Bats use leaves as mirrors to find prey in the dark

Bats can find motionless insects on leaves in the dark only by echolocation. This was thought to be impossible, because insects are acoustically camouflaged by the loud echo of the leaves which confuses their echolocation system. Biologists from the Vrije Universiteit Amsterdam and the Smithsonian Tropical Research Institute in Panama have now discovered how bats overcome this problem.

08/06/2019 | 10:58 AM

Bats flood an area with sound waves and then use information from the returning echoes to navigate through the environment. Leaves reflect echolocation signals strongly, masking the weaker echoes from resting insects. So in the thick foliage of a tropical forest, echoes from the leaves may act as a natural cloaking mechanism for the insects, known as acoustic camouflage.

Acoustically camouflaged prey
New experiments show that by changing their approach angle, the echolocating leaf-nosed bats can use this sixth sense to find acoustically camouflaged prey. These new findings, published in Current Biology, have exciting implications for the evolution of predator-prey interactions.

Approach angle revealed
“For many years it was thought to be a sensory impossibility for bats to find silent, motionless prey resting on leaves by echolocation alone," says Inga Geipel, postdoc researcher at STRI. Geipel and Ralph Simon postdoc researcher at the Vrije Universiteit Amsterdam, discovered how the bats achieve the impossible. By combining evidence from experiments using an artificial bat head to create and measure ultrasound echoes, with evidence from high-speed video observations of bats as they approach prey, the importance of the approach angle was revealed.

More than 500 positions
To understand how bats overcome acoustic camouflage and seize their prey, Simon measured echoes with his biomimetic bat head and aimed sound waves at a leaf with and without an insect from more than 500 positions in order to create a full, three-dimensional representation of the echoes. At each position, they calculated the intensity of the echoes for five different frequencies of sound that represent the frequencies of a bat's call.

Like a mirror
vleermuis 1“When I analyzed the echoes it was very clear that there are certain positions where it will be easy to detect the insects” says Simon. “If bats would approach from these angles they would instantaneously detect the insect.” Leaves both with and without insects strongly reflect back the sound if it comes from straight ahead (i.e., from angles smaller than 30 degrees).
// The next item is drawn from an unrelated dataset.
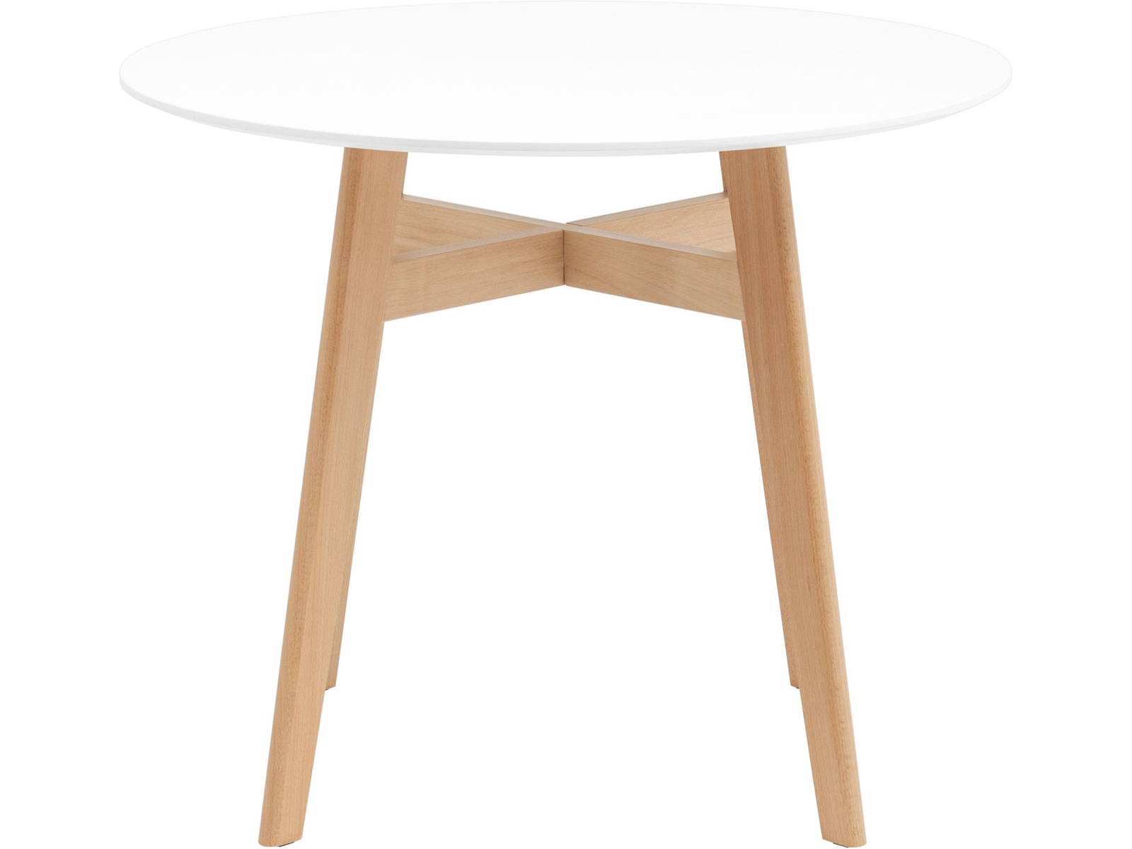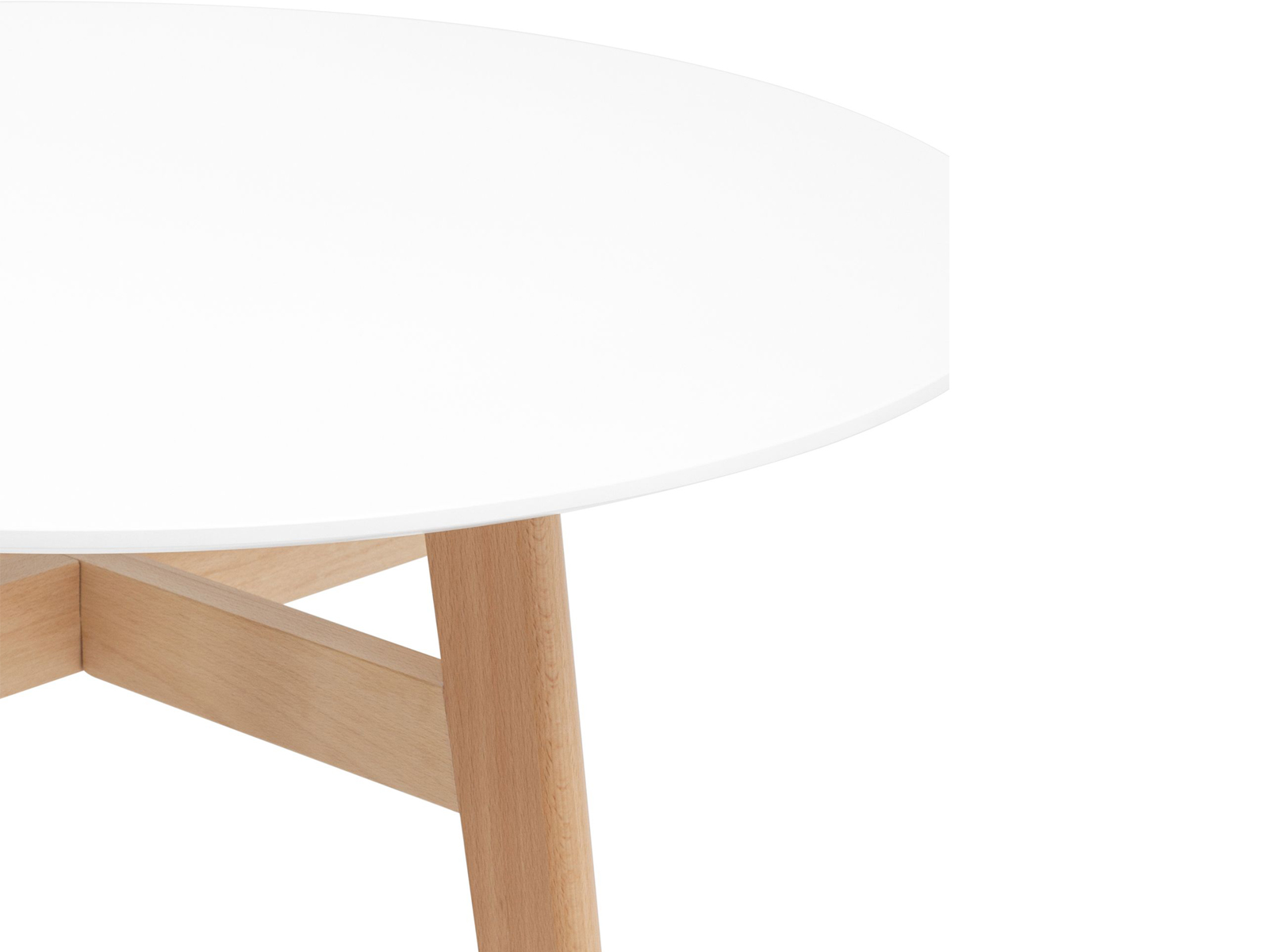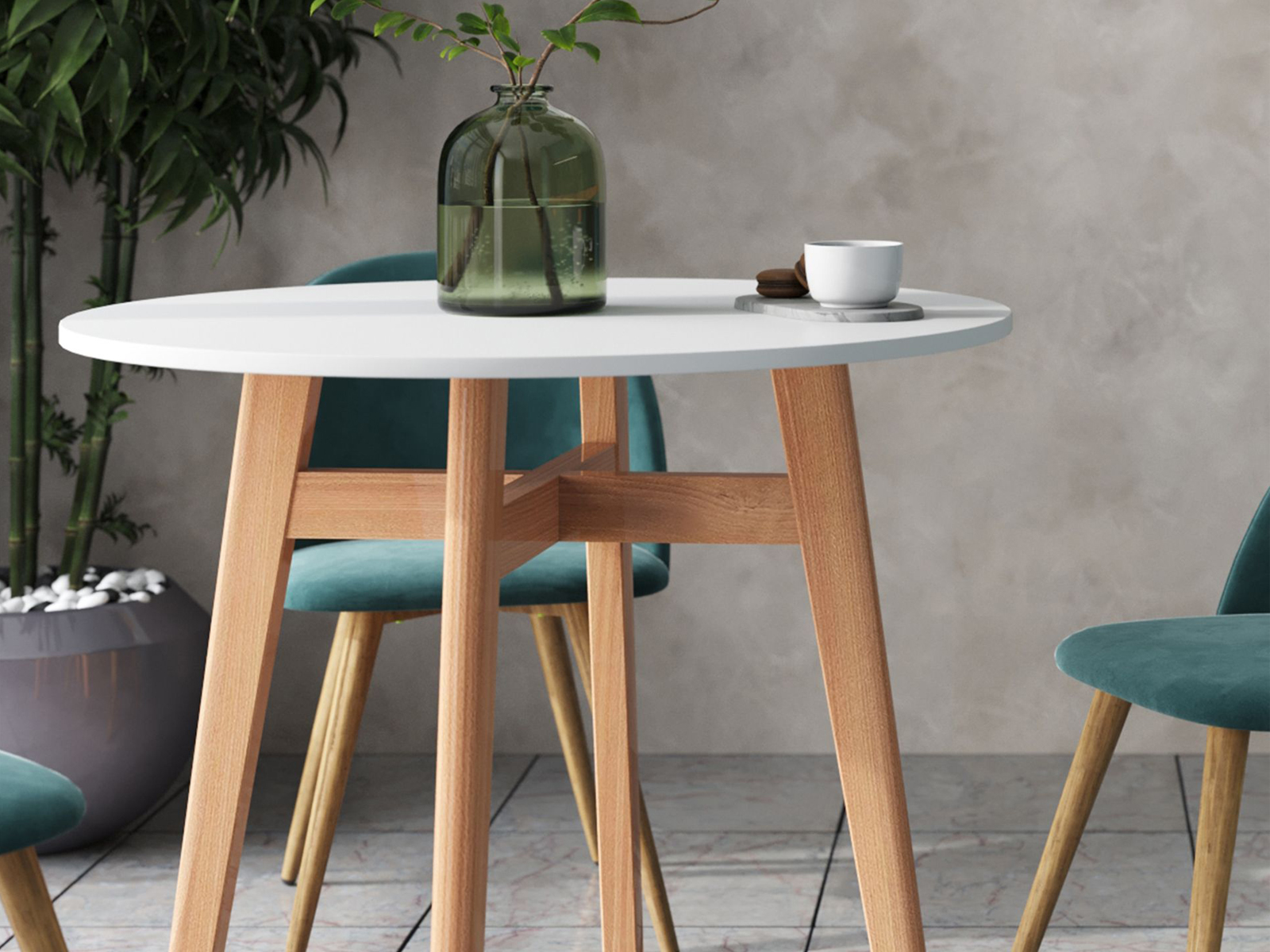 Круглая столешница выполнена из МДФ, окрашенного в белый цвет. Ножки стола изготовлены из массива дерева.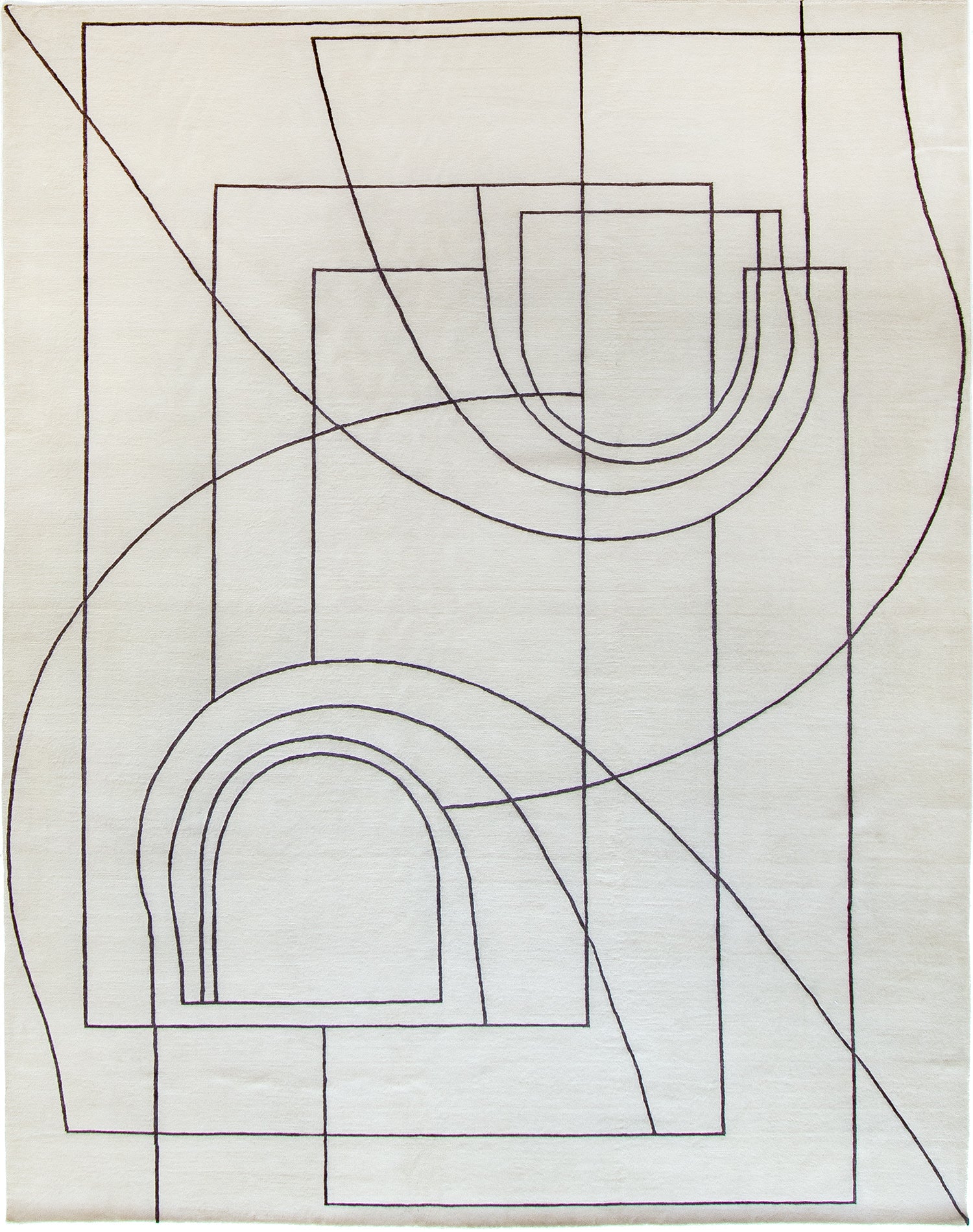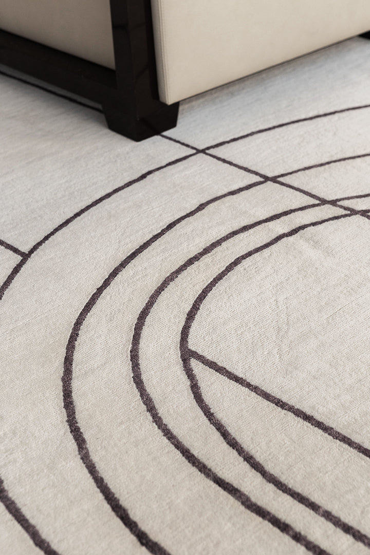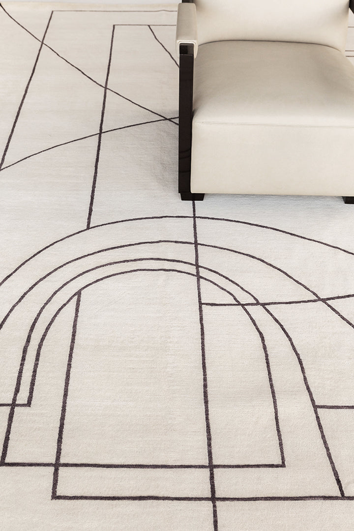 Inspired by a black and white photograph of Italian archways, this linear motif rug is a play on light and architecture.

When a bat approaches from these angles, it cannot find its prey as strong echoes from the leaves mask the echoes from the insect. If the sound originates from oblique angles greater than 30 degrees, the sound is reflected away from the source and leaves act like a mirror, just as a lake reflects the surrounding forest at dusk or dawn. The approach angle makes a resting insect detectable.

Between 42 and 78 degrees
Based on these experiments, Simon and Geipel predicted that bats should approach resting insects on leaves from angles between 42 and 78 degrees, the optimal angles for discerning whether a leaf has an insect on it or not. Next, Geipel recorded actual bats at Barro Colorado Island research station in Panama as they approached insects positioned on artificial leaves.
Using recordings from two high-speed cameras, she reconstructed the three-dimensional flight paths of the bats as they approached their prey and determined their positions. She discovered that, as predicted, almost 80 percent of the approach angles were within the range of angles that makes it possible for the bats to distinguish insect from leaf. "This study shows how we can achieve a better understanding of natural mechanisms, in particular bat echolocation, by simulating them with a technical setup” Simon says. “And understanding the acoustic world of a bat, may on the other hand lead to new applications like bat inspired sonar systems.”